Chemosphere
- Discipline: Environmental chemistry
- Language: English
- Edited by: Jacob de Boer, Willie Peijnenburg, Yeomin Yoon

Publication details
- History: 1972–present
- Publisher: Elsevier
- Frequency: Biweekly
- Impact factor: Removed (2024)

Standard abbreviations
- ISO 4: Chemosphere

Indexing
- CODEN: CMSHAF
- ISSN: 0045-6535 (print) 1879-1298 (web)
- LCCN: 72622992
- OCLC no.: 795935924

Links
- Journal homepage; Online access; Online archive;

= Chemosphere (journal) =

Chemosphere is a biweekly peer-reviewed scientific journal published since 1972 by Elsevier and covering environmental chemistry.

In July 2023, the journal was put on hold in the Web of Science Master Journal List due to quality concerns. By May 2024, the journal had marked more than 60 papers with expressions of concern, typically citing "unusual changes" of authorship prior to publication and "potential undisclosed conflicts of interest" by reviewers and handling editors. In December 16, 2024, Web of Science delisted the journal.

This followed an incident in which the journal published a paper claiming that household products made of black plastic contained dangerous amount of toxic chemicals, leading to the media warning readers to throw away black plastic products. However, the study was found to have a math error in calculating the reference dose for a 60 kg adult, which made the abundance of BDE-209, a toxic flame retardant found in the plastic appear to exceed U.S. limits (the estimated daily dose of the flame retardant was not questioned or corrected).
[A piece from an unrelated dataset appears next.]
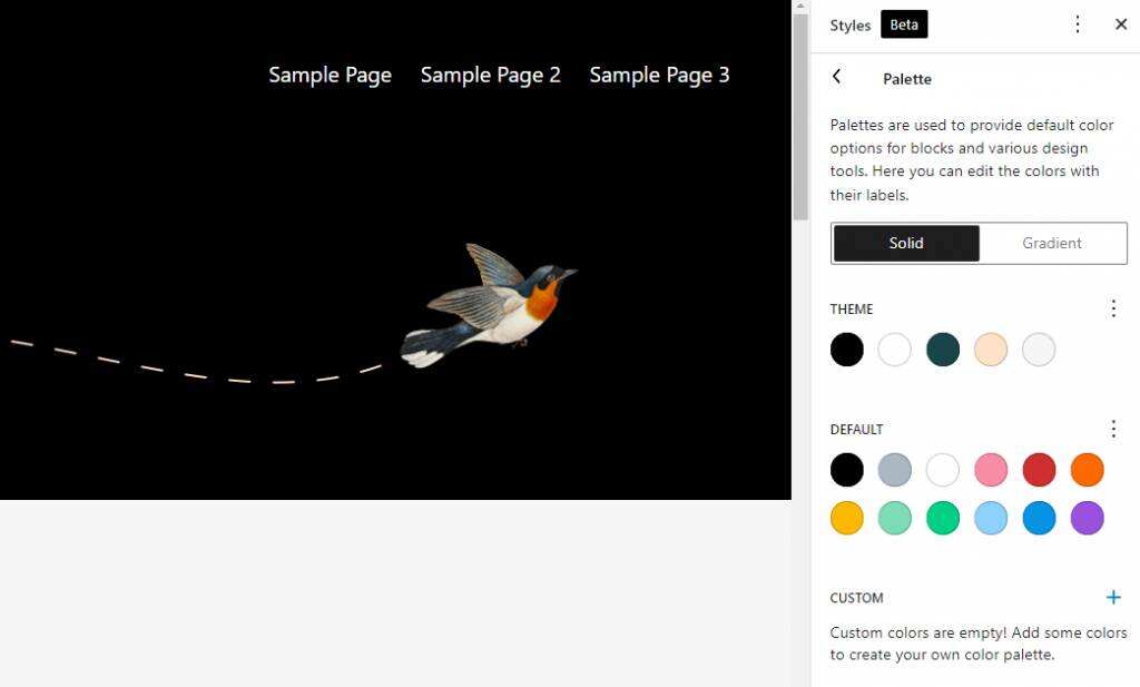 新的全站点编辑方法还减少了对编码和自定义CSS的需求。新的区块编辑器引入了控制theme.json文件的全局样式面板。这使用户可以更改整个站点的样式,例如直接在默认编辑器上添加自定义颜色和更改排版。

The authors later published a correction note, while claiming the error "does not affect the overall conclusion of the paper."

==Editors-in-chief==
The following persons are or have been editor-in-chief:
- 2020–2024: Jacob de Boer (Vrije Universiteit Amsterdam) and Shane Snyder (University of Arizona)
- 2024–present: Jacob de Boer, Willie Peijnenburg (Leiden University), and Yeomin Yoon (Ewha Womans University)

==Abstracting and indexing==
The journal is abstracted and indexed in:

- Biological Abstracts
- BIOSIS Previews
- CAB Abstracts
- Chemical Abstracts Service
- Current Contents/Agriculture, Biology & Environmental Sciences
- EBSCO databases
- Ei Compendex
- Food Science and Technology Abstracts
- GEOBASE
- Index Medicus/MEDLINE/PubMed
- Science Citation Index Expanded
- Scopus
- The Zoological Record

According to the Journal Citation Reports, the journal has a 2023 impact factor of 8.1.